Data section START
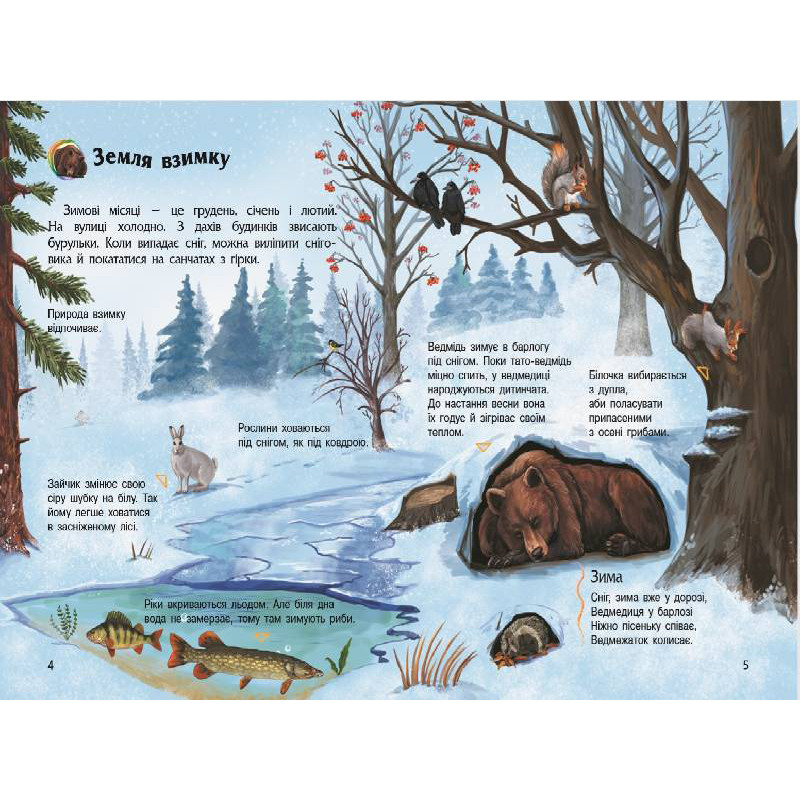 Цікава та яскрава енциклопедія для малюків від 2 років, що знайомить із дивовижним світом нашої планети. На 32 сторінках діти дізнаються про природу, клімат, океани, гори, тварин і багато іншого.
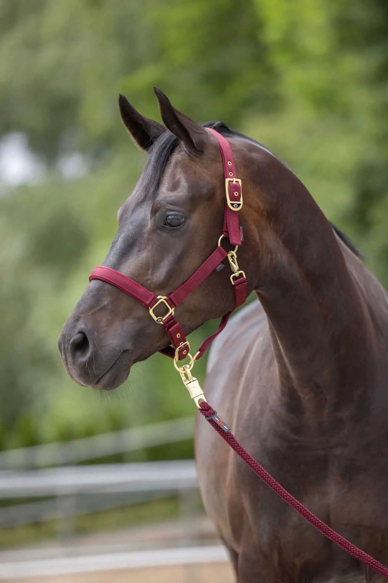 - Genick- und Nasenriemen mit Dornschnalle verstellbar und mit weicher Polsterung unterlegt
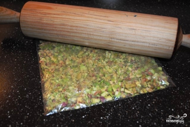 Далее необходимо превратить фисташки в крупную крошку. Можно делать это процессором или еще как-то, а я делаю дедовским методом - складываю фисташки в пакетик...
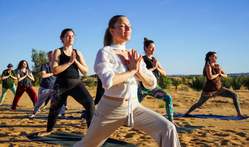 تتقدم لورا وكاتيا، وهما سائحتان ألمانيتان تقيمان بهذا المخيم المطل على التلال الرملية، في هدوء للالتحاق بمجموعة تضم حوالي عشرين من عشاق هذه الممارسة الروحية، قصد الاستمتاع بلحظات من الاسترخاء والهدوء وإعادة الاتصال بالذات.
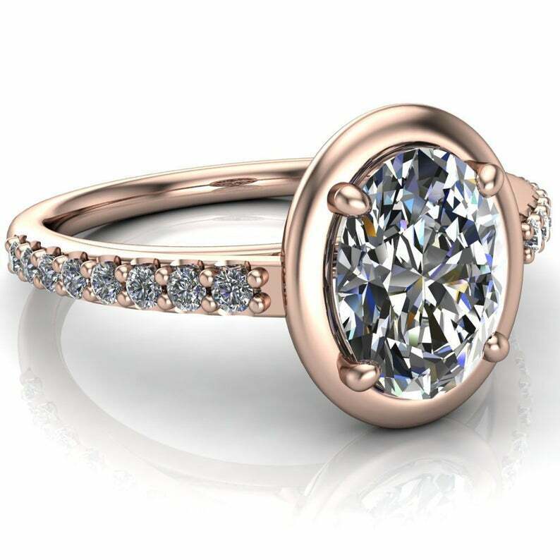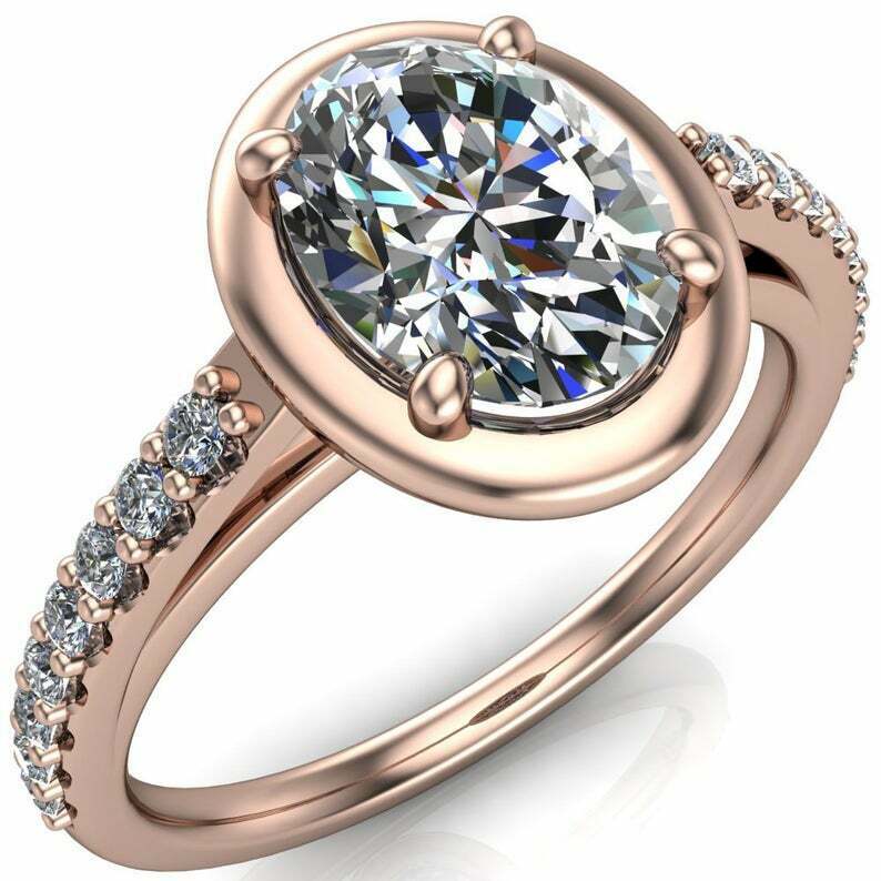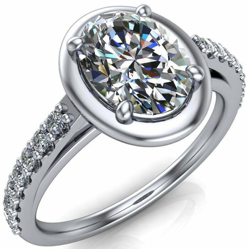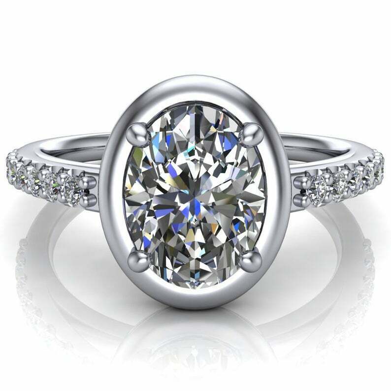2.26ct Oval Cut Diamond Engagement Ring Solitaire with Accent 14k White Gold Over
Data section END
▸ **How to complete this task**:
Each line from the one that holds "تتقدم لورا وكاتيا،" through the end of the entries must be returned exactly, while any pictures stay out.

▸ **Problem solution**:
 تتقدم لورا وكاتيا، وهما سائحتان ألمانيتان تقيمان بهذا المخيم المطل على التلال الرملية، في هدوء للالتحاق بمجموعة تضم حوالي عشرين من عشاق هذه الممارسة الروحية، قصد الاستمتاع بلحظات من الاسترخاء والهدوء وإعادة الاتصال بالذات.
2.26ct Oval Cut Diamond Engagement Ring Solitaire with Accent 14k White Gold Over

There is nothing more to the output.